Thursday's repeal of those rules, led by FCC Chair and Trump appointee Ajit Pai, was immediately decried as a violation of the First Amendment's right to free speech by denying equal access to any part of the internet to any individual, based on their ability to pay.
Supporters of the decision hail it as a victory for investment and innovation.
Proponents of net neutrality include consumer advocates, human rights organizations, online and internet application companies, Electronic Frontier Foundation, ACLU, Facebook, Google, Microsoft, Netflix, Reddit, Vimeo, Yahoo!, Vonage, eBay, Amazon, IAC/InterActiveCorp, Reddit, Twitter, Tumblr, Etsy, others.

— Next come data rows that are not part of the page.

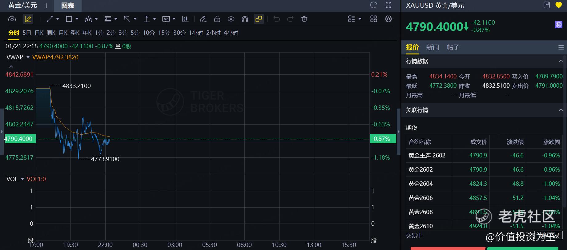 受此影响,金价应声下跌,一度跌超1%: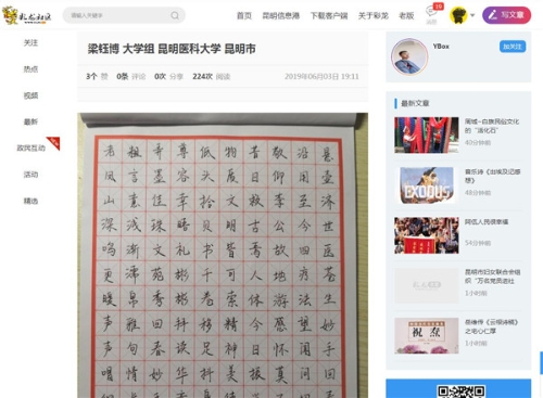 昆明信息港讯 记者马文焘 日前,“云岭杯”云南省2019年中华经典诵写讲大赛三项赛事的报名参赛阶段均已正式结束。截至6月3日,大赛得到了近万名来自全省16州市的老师、学生及社会人员参与,并有4695件作品成功进入评审阶段。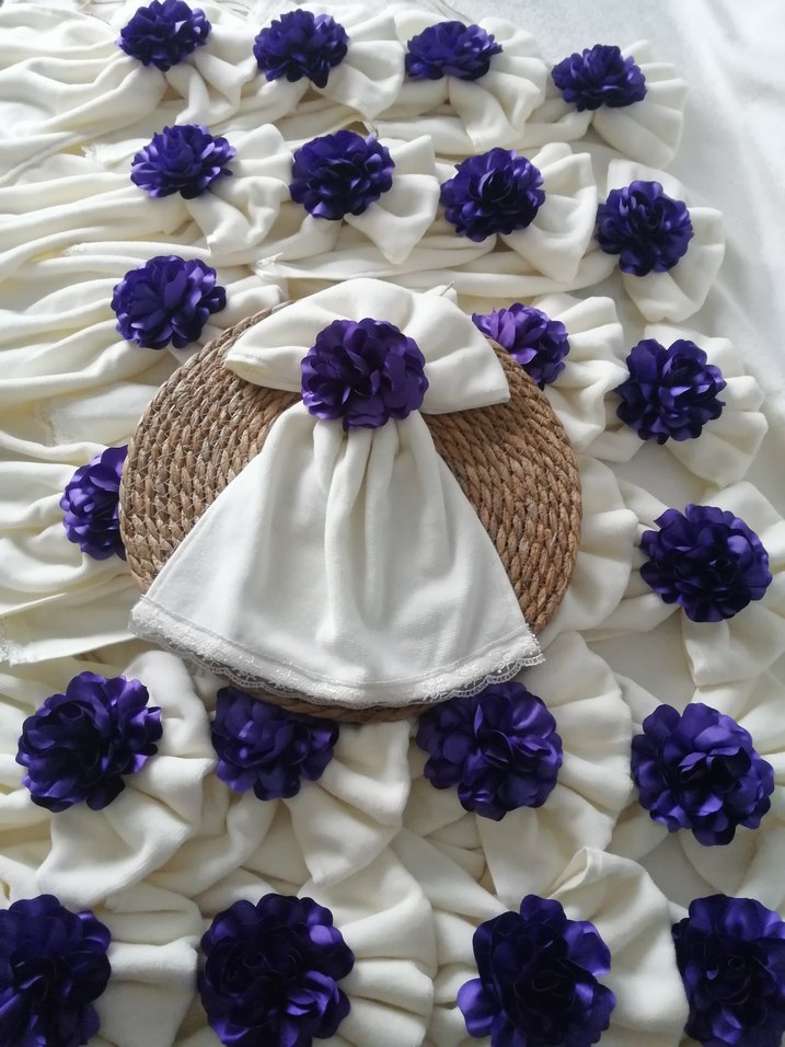 Yumuşak kumaştan, mor işlemeli çiçek desenli konvoy süsü . Üzerinde dekoratif mor çiçek detayı bulunur.

Opponents include internet infrastructure service providers, AT&T, Comcast, Verizon, National Cable & Telecommunications Association, National Music Publishers Association, US Telecom & Broadband Association, Time Warner Cable, Cablevision, Cisco, Tekelec, IBM, Intel, Panasonic, Ericsson, others.
|"Just as your phone company shouldn't decide who you call and what you say on that call, your ISP shouldn't interfere with the content you view or post online" -- FreePress.net|
A rapidly growing list of states have, or are expected to, file law suits against the action, including New York, Washington, Illinois, Oregon, Massachusetts, and Iowa.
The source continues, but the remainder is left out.